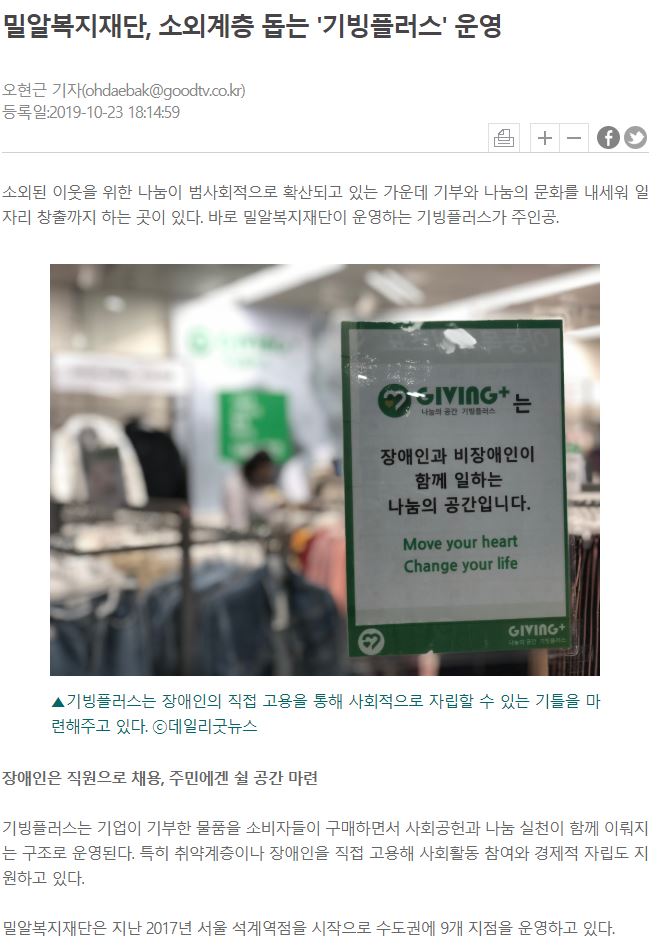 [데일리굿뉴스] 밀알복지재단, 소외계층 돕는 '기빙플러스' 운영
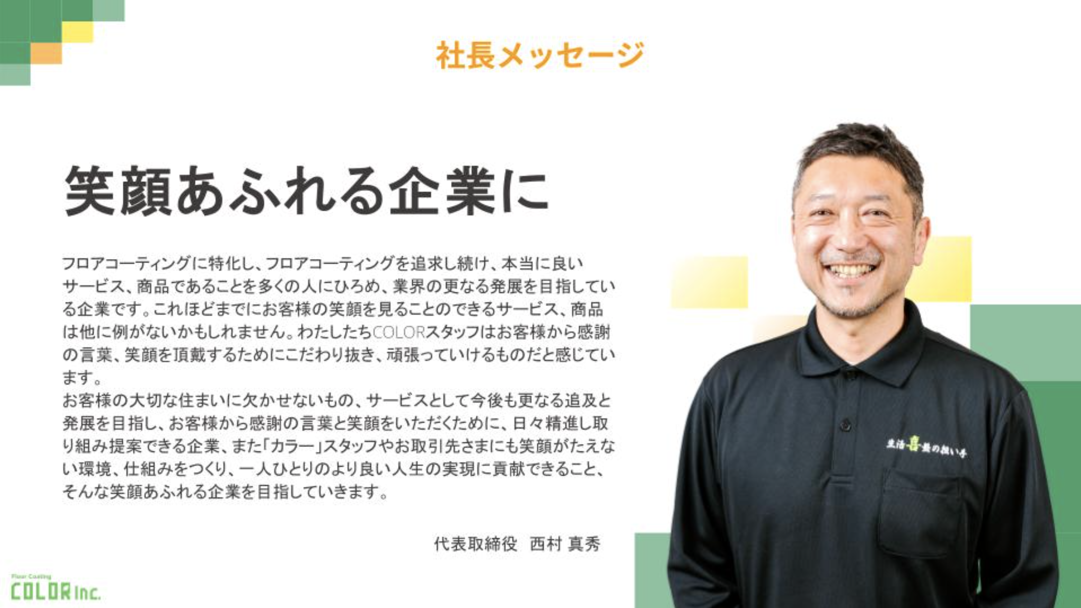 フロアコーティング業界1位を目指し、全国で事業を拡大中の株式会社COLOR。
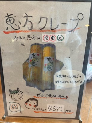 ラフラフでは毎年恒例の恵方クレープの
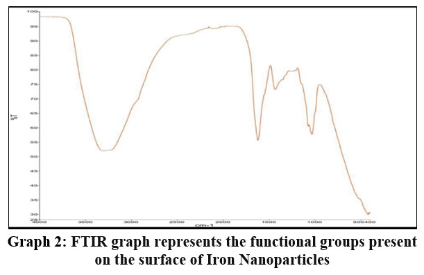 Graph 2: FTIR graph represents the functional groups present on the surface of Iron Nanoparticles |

________

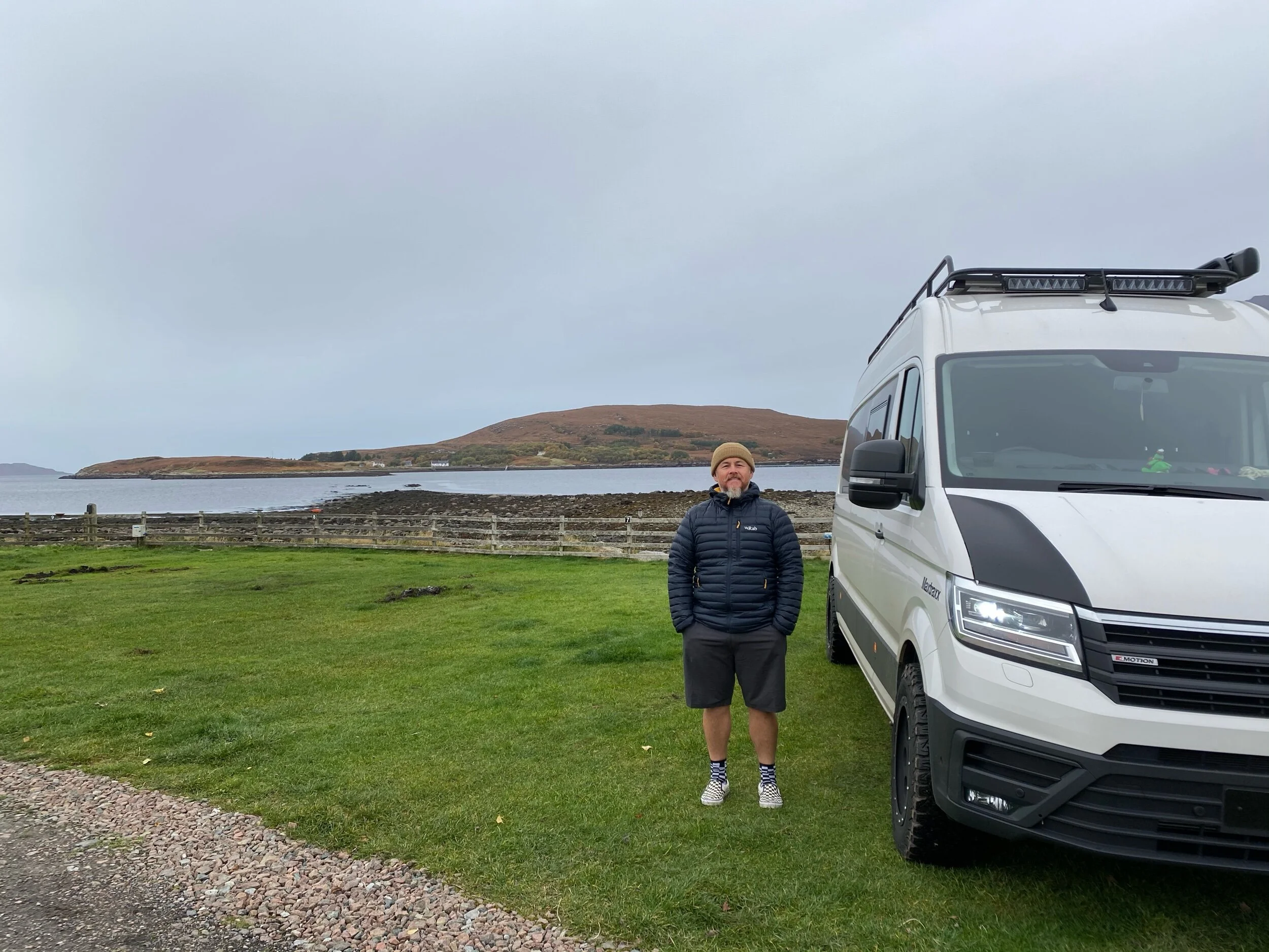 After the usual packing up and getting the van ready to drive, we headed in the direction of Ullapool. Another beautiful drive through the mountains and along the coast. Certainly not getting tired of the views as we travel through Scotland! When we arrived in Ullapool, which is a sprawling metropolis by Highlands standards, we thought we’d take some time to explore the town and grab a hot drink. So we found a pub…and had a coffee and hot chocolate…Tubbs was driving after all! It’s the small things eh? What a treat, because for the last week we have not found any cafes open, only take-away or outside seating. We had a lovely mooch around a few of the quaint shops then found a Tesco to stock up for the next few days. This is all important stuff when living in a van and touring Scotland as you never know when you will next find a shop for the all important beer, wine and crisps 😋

________

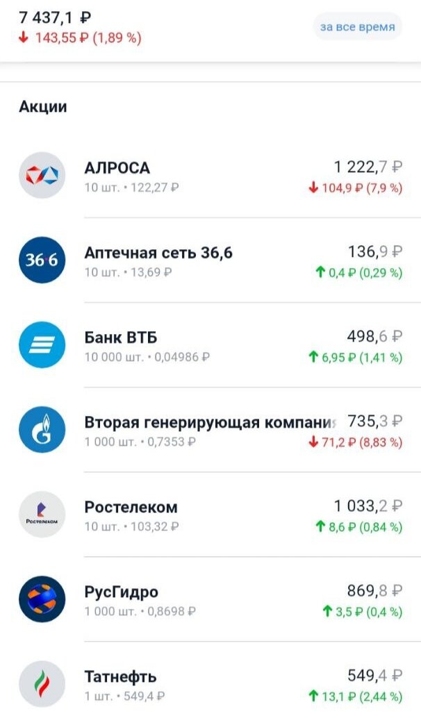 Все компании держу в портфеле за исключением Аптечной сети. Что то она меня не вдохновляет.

________

▶ BRIEF: Without the pictures, give again exactly the lines above starting at the line containing "フロアコーティング業界1位を目指し、全国で事業を拡大中の株式会社COLOR。" and ending at the line containing "Graph 2: FTIR".

▶ TASK OUTPUT:
 フロアコーティング業界1位を目指し、全国で事業を拡大中の株式会社COLOR。
 ラフラフでは毎年恒例の恵方クレープの
 Graph 2: FTIR graph represents the functional groups present on the surface of Iron Nanoparticles |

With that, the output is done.